Poquah was unconvinced. "But if we reach the King, assuming we do, and gain this information, won't the effect be the same?"

"Perhaps. Perhaps not. I'm sure he'll have something in mind to guard against that. He always has the most arcane ideas for accomplishing things, but those things get done because nobody else can figure them out."

"How far will we have to go in this land before we reach His Majesty?" the Imir asked. "From the port city, that is."
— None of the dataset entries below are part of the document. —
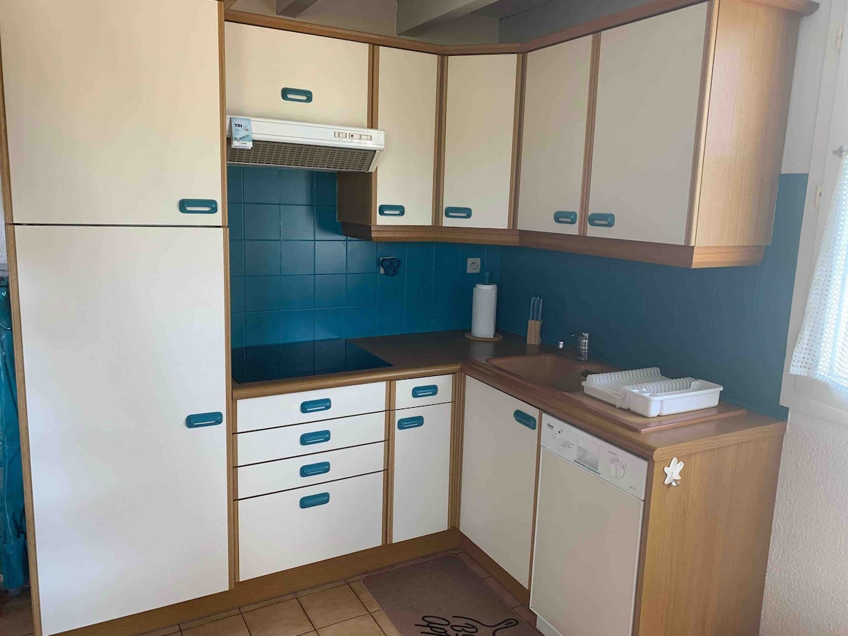 Coqueto apartamento en el corazón de la ciudad , en el seno de una residencia tranquila y a 200 metros del puerto y la playa. Ideal para una pareja. Cocina americana totalmente equipada, con cocina eléctrica a estrenar y horno, nevera,... bonita sala de estar luminosa, dormitorio aparte, cuarto de baño con ducha y WC. No se proporcionan sábanas ni toallas, pero hay una pequeña tienda de comestibles, paños de cocina, papel higiénico...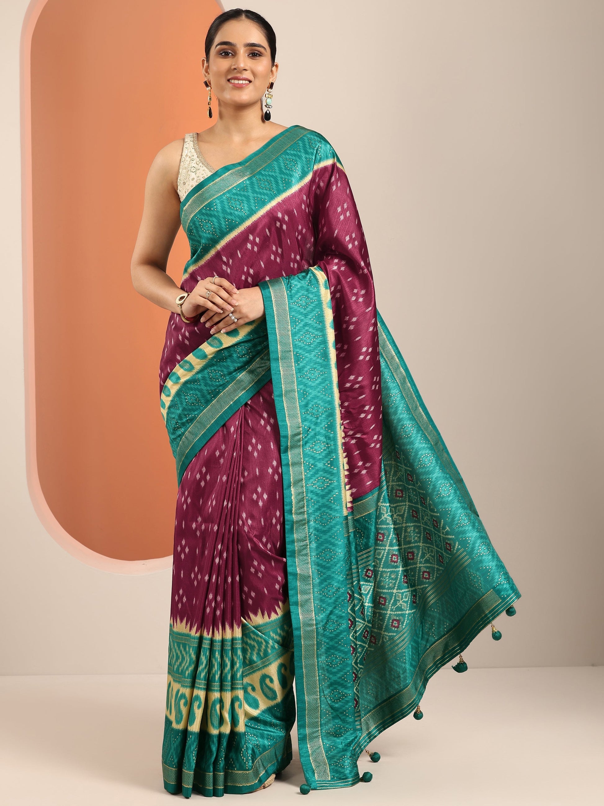Our Maroon Printed Silk Blend Saree Features Captivating Bandhani Print. Complemented With A Unstitched Blouse Piece. This Charming Saree Is Perfect For Festive Wear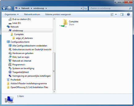 De gedeelde mappen waar SABnzbd de gedownloade bestanden in opslaat en waar u de nzb-bestanden in kunt zetten, zijn te benaderen via de verkenner op uw Windows 7-pc. Tik in het adresveld van de verkenner \\computernaamvanwindowsxppc\. Als u de computernaam niet weet, dan heeft SABnzbd deze u getoond in stap 5 van deze workshop. Daar toonde SABnzbd als tweede adres iets als http://computernaamvanwindowsxppc:8080/sabnzbd/. De computernaam uit dit adres kunt u gebruiken in de verkenner van Windows 7 om uw Windows XP-pc te benaderen.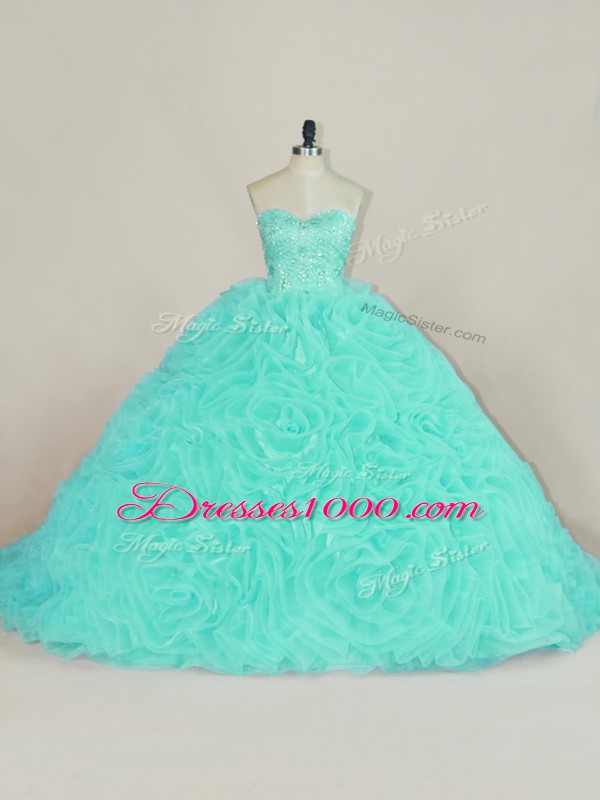 Aqua Blue Sweetheart Neckline Beading and Ruffles Vestidos de Quinceanera Sleeveless Lace Up

"Yuggoth is roughly three thousand kilometers across by perhaps twenty-four hundred north-south. The King runs things from almost dead in the middle, atop some high mystical but natural formation called Castle Rock. That's where you must go."

"How big?" Marge was appalled. "Ruddy, that's something like fifteen hundred plus miles! That's longer than Texas is wide! And all filled with horrors and dark powers and creepy-crawlies, and all hands, tentacles, and whatnot against us! It can't be done!"

"Oh, I assure you that it can," the sorcerer told her. "Absolutely guaranteed. That is not to say that you will do it, but it is certainly possible with who and what you will have. What makes it more difficult than it is, is that this McGuffin must be in my hands — in my hands, not yours — in less than six months' time. If it is not, the fissures will be opened and the only option then will be a hasty escape for the powerful few. If the denizens of the muck beneath the Sea of Dreams actually make it through to reality, any reality, it is all over. If that happens, nothing, not even the McGuffm, will have the power to save us."